Em casa onde não há pão…

Um dos assuntos mais falados na imprensa nestes últimos meses tem sido o tema da educação e das medidas tomadas pelo Ministério da Educação e Ciência inseridos num programa de reformulação de programas, revisão de processos e tomadas de decisão financeiras que têm implicações no status quo das últimas três décadas.
Pode concordar-se ou discordar-se. Mas todos temos a noção de que a área da educação e da saúde são as que maiores custos representam para os cofres do estado. E ao dizer isto estamos logo a incorrer num primeiro erro: o “estado” não tem cofres. Aliás o “estado” nem sequer tem dinheiro. O dinheiro é nosso, de todos os que contribuímos com a nossa parte para o custo global do país.
E é aqui que reside o busílis. É aqui que as opiniões divergem: para um lado vão as daqueles que têm uma agenda ( como se diz agora) filtrada por objetivos ideológicos partidários; para o outro vão aqueles cujos objetivos ideológicos não estão consoantes com a mesma agremiação política.
E sobram apenas aqueles que de facto tentam ser isentos e apenas pensam pela sua cabeça. Mas esses têm dificuldade em falar, pois têm sempre tendência para serem apelidados de adeptos da ideologia contrária. Na realidade estão apenas a dar a sua opinião independente de ideologias formatadas. Estão apenas a opor-se a uma formatação acrítica.
Ah, e estava a esquecer-me de que há “os outros”, infelizmente a maior parte, que pertencem àquele “clube acéfalo”, que dizem mal de tudo e de todos, mas que depois, em dia de votação, vão para a praia, pois não têm pachorra de aturar a política e os políticos. Enfim, apenas merecemos ( todos) o país que temos. E só nos podemos culpar a nós próprios enquanto povo.
E era aqui que eu queria chegar: há um blog muito conhecido pelas suas posições políticas sobre a educação desde 2010, mas que me tem vindo a desiludir devido ao facto de não conseguir deitar fora os “filtros” que usou durante vários meses contra o governo anterior. Pensava eu na altura que a sua “agenda” não era política. No entanto, ao visitarmos o blog hoje em dia, parece-nos uma página satélite do ministério da educação, tal é a semelhança de ideias, posições, opiniões, pontos de vista e decisões desejadas.

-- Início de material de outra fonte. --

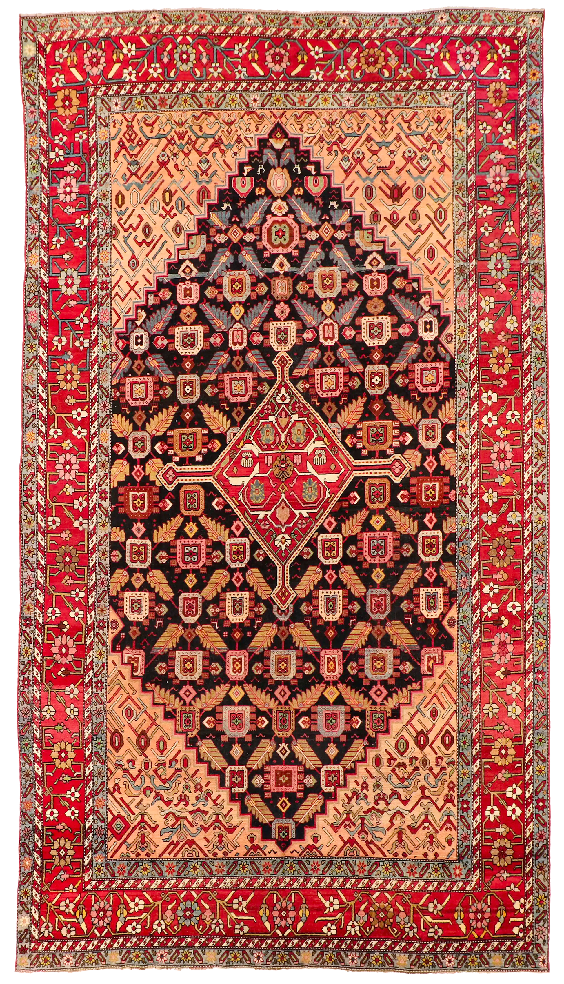 Azarbaijan rugs are known for their bold geometry, symbolic motifs, and architectural composition. This piece reflects the strength and rhythm of Caucasian weaving traditions, offering a powerful, heirloom-quality rug designed to anchor expansive interiors.
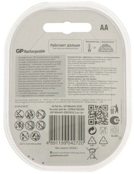 Аккумулятор GP 180AAHC 2 шт. AA 1800мAч 180AAHC-2DECRC2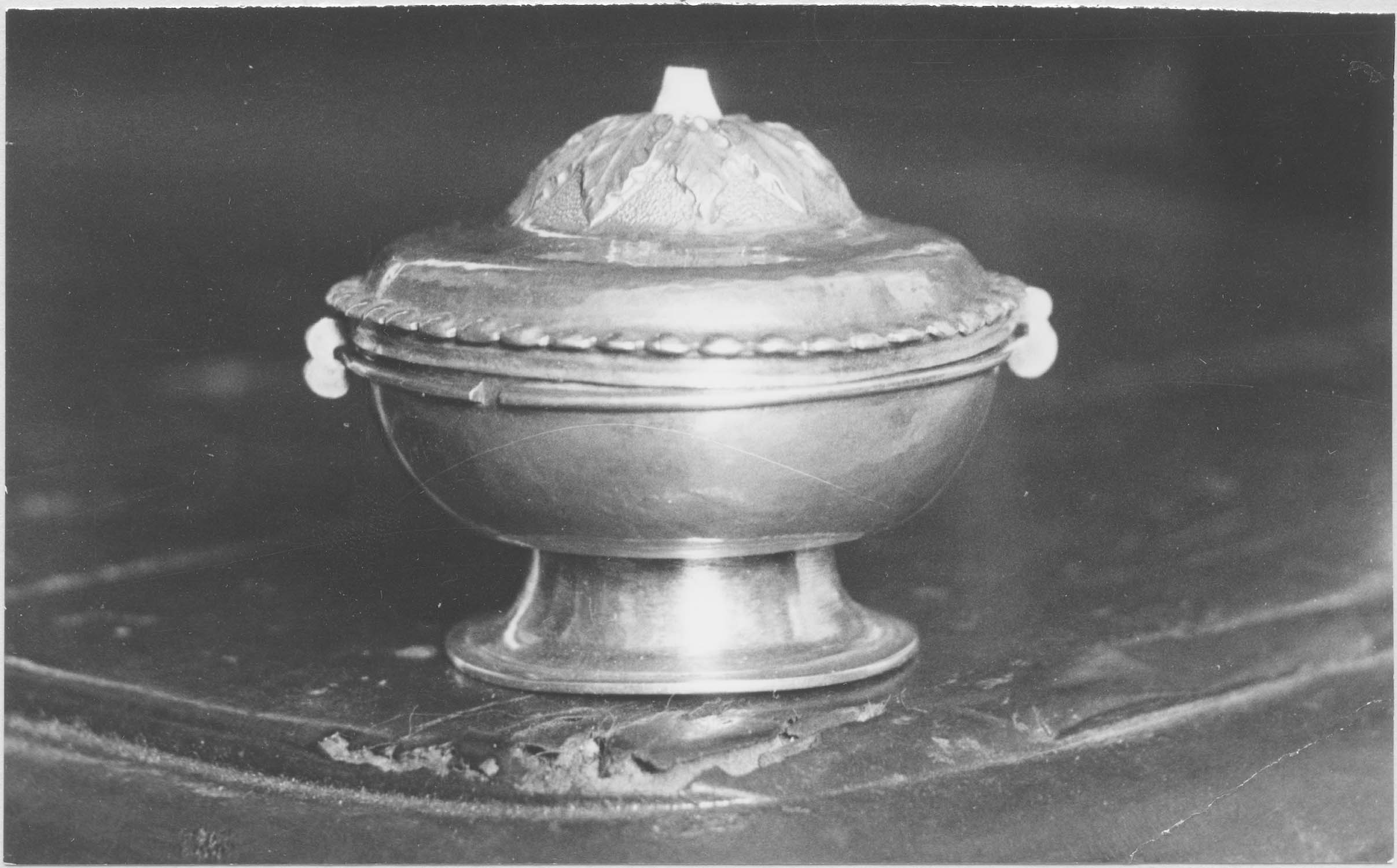 Elevé sur un pied à base circulaire, il ferme par un couvercle bombé, décoré de feuilles descendantes sur fond amati, autrefois surmonté d'une croix. Le couvercle est maintenu par deux clefs pénétrant dans une encoche sur un filet de la partie fixe. Argent martelé, uni et soudé.
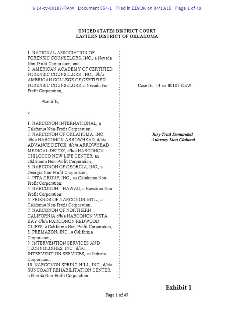 1.NATIONAL ASSOCIATION OFFORENSIC COUNSELORS, INC., a Nevada Non-Profit Corporation, and 2.AMERICAN ACADEMY OF CERTIFIEDFORENSIC COUNSELORS, INC., d/b/a AMERICAN COLLEGE OF CERTIFIED FORENSIC COUNSELORS, a Nevada For-Profit Corporation, Plaintiffs, v. 1.NARCONON INTERNATIONAL, aCalifornia Non-Profit Corporation; 2.NARCONON OF OKLAHOMA, INC.d/b/a NARCONON ARROWHEAD, d/b/a ADVANCE DETOX, d/b/a ARROWHEAD MEDICAL DETOX, d/b/a NARCONON CHILOCCO NEW LIFE CENTER, an Oklahoma Non-Profit Corporation; 3.NARCONON OF GEORGIA, INC., aGeorgia Non-Profit Corporation; 4.PITA GROUP, INC., an Oklahoma Non-Profit Corporation; 5.NARCONON – HAWAII, a Hawaiian Non-Profit Corporation; 6.FRIENDS OF NARCONON INTL., aCalifornia Non-Profit Corporation; 7.NARCONON OF NORTHERNCALIFORNIA d/b/a NARCONON VISTA BAY d/b/a NARCONON REDWOOD CLIFFS, a California Non-Profit Corporation; 8.PREMAZON, INC., a CaliforniaCorporation; 9.INTERVENTION SERVICES ANDTECHNOLOGIES, INC., d/b/a INTERVENTION SERVICES, an Indiana Corporation; 10.NARCONON SPRING HILL, INC., d/b/aSUNCOAST REHABILITATION CENTER, a Florida Non-Profit Corporation; ))))))))))))))))))))))))))))))))))))))))))Case No. 14-cv-00187-KEW

E para o comprovar queria apenas chamar a atenção para os três postes seguintes, publicados pela mesma pessoa apenas com dois anos de diferença e cujo contexto apenas se diferencia por terem sido publicados com diferentes governos do país: o de Sócrates e o de Passos Coelho.
http://www.profblog.org/2010/05/criacao-de-mega-agrupamentos-de-escolas.html
http://www.profblog.org/2012/06/maneira-mais-facil-de-deminuir.html
http://www.profblog.org/2012/06/uma-verdade-duas-teses-por-provar.html

Após a leitura destes postes, cada pessoa deve assumir as suas conclusões. E não quero com isto dizer que defendo as medidas do ministério. Apenas considero que as há boas e as há más.
Mas também considero que, quando não há dinheiro e há aperto orçamental, há que tomar decisões e arrumar a casa. Quem tem essa responsabilidade é sempre mal visto por aqueles que não estão preocupados com a origem do dinheiro. Apenas querem ver o seu problema resolvido. E, nesta perspetiva, eu tenho um “defeito”: sou responsável pedagógico de uma escola privada. Aqui o dinheiro que se gasta é pago pelos utentes. E sem dinheiro não há luxos. E sem dinheiro, os funcionários (todos) poderão ficar sem os seus empregos. Porque nós não trabalhamos com “rede”.
O problema é que, em termos de país, a resolução do problema de alguns tem implicações no agravamento do problema de todos. Porque, na realidade, os custos da educação pública também são pagos pelos professores e famílias do particular.
Importaria assim que quem tão duramente critica as decisões ministeriais dê a sua opinião sobre a melhor forma de resolver os problemas financeiros do país, sem olhas apenas para o seu quintal.
E, por último, importaria também que não fossem “vira-casacas” e tivessem uma maior consistência na opinião.